Suji De Silva – ThinkEquity
And last question, with the labor shortages, Dr. Lu, are the lead times expanding there?
And are you having trouble keeping customers comfortable with the availability or is that a non-issue despite the labor shortage? Thanks.
Mark King
Again I took this one from him too, but again, we kind of look at lead time as a decision, okay, so we use channel and we use some of our contract business to adjust for our key customers. So, we may not enough product overall, but generally we have the ability to keep our key customers happy through these periods.
So, we move things around and we keep the inventories and the hubs tight and we get through them as we grow that, bring our units up.

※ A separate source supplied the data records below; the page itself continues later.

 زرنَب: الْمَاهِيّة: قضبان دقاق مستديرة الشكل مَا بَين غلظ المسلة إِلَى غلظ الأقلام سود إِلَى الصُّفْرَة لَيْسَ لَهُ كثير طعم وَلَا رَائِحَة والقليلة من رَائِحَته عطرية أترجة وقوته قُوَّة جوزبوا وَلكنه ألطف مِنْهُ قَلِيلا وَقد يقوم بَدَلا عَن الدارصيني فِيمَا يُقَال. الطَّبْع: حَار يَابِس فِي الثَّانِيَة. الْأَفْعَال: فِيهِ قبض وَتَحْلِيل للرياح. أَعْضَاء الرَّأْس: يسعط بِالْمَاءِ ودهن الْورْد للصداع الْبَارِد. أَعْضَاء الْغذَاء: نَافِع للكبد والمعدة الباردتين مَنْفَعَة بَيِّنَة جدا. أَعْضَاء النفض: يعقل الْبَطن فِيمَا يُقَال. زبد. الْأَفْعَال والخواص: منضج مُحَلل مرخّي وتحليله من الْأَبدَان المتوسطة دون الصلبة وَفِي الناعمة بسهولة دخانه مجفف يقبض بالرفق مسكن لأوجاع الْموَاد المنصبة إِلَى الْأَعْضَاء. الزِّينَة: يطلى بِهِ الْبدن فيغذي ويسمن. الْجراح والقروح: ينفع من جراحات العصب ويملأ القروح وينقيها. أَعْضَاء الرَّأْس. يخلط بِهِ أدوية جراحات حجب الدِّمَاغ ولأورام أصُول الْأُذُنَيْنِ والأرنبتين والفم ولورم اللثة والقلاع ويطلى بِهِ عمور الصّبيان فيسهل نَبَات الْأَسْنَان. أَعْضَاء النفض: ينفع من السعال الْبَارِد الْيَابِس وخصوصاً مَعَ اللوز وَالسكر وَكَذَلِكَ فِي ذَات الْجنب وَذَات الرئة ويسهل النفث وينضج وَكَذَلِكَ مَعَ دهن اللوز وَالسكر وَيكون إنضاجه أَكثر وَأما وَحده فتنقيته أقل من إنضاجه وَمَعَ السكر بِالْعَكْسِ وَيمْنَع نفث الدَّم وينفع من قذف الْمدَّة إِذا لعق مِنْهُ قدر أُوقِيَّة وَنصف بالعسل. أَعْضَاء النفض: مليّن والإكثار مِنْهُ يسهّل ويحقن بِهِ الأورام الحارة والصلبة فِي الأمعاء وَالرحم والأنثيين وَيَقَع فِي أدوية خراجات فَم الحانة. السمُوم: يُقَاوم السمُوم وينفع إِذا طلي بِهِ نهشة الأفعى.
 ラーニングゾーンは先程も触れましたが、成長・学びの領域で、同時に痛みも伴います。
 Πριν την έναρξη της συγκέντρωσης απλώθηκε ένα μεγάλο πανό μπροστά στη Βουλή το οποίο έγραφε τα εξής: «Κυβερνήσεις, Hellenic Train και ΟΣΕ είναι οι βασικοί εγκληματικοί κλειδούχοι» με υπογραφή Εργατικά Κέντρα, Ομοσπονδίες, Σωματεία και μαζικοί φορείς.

Suji De Silva – ThinkEquity
Fair enough, thanks.
Operator
Your next question comes from the line of Vijay Rakesh with Stern Agee. Please proceed.
Vijay Rakesh – Stern Agee
Hey, hi guys. Just Dr.
Lu, you mentioned the focus on gross profit operating dollars, so would you still in a plan on keeping at least the gross margin at the 35% level or would you let it come down as you focus on the operating margins? Hello?
Dr. Keh-Shew Lu
I think I would have kept the same is I’m not really tried to just continue bring the GPM percent. Okay, in our business model is we as long as GPM dollar, gross profit going up that’s what we are going after.
And at the end that’s really the effect of earnings per share not the GPM percent. And therefore, if I see the opportunity to gain the market share to grow it, then we’ll take it.
Vijay Rakesh – Stern Agee
Okay.
Dr. Keh-Shew Lu
Yeah.
Vijay Rakesh – Stern Agee
Got it. Also obviously it looks like, when you look at the challenges, there’s a little bit of concern there might be second quarter things are slowing down, how is the usual point of sales and point of purchase, how is that trending now in April and May now that you’re almost in May here?
Mark King
Well, in our guidance, we took that into consideration. We actually see the POS and the POP trending positively in the second quarter.
And I think it looks good. I think there might even haven’t really figured out where the inventory is going to be.
I don’t think there is going to be a significant value change in the inventory in Q2.
Vijay Rakesh – Stern Agee
And lastly, go ahead.
Dr. Keh-Shew Lu
Sorry, you go ahead.
Vijay Rakesh – Stern Agee
And lastly, when you look at the last question here, if you look at your revenues by PCs, handsets and TVs, can you approximately give us what percentage kind of runs into those markets?
Mark King
No, really we focus on the major segment. So, if you look at – I don’t have the exact figures in front of me, I can look then up, but obviously our two biggest segments are computer and consumer.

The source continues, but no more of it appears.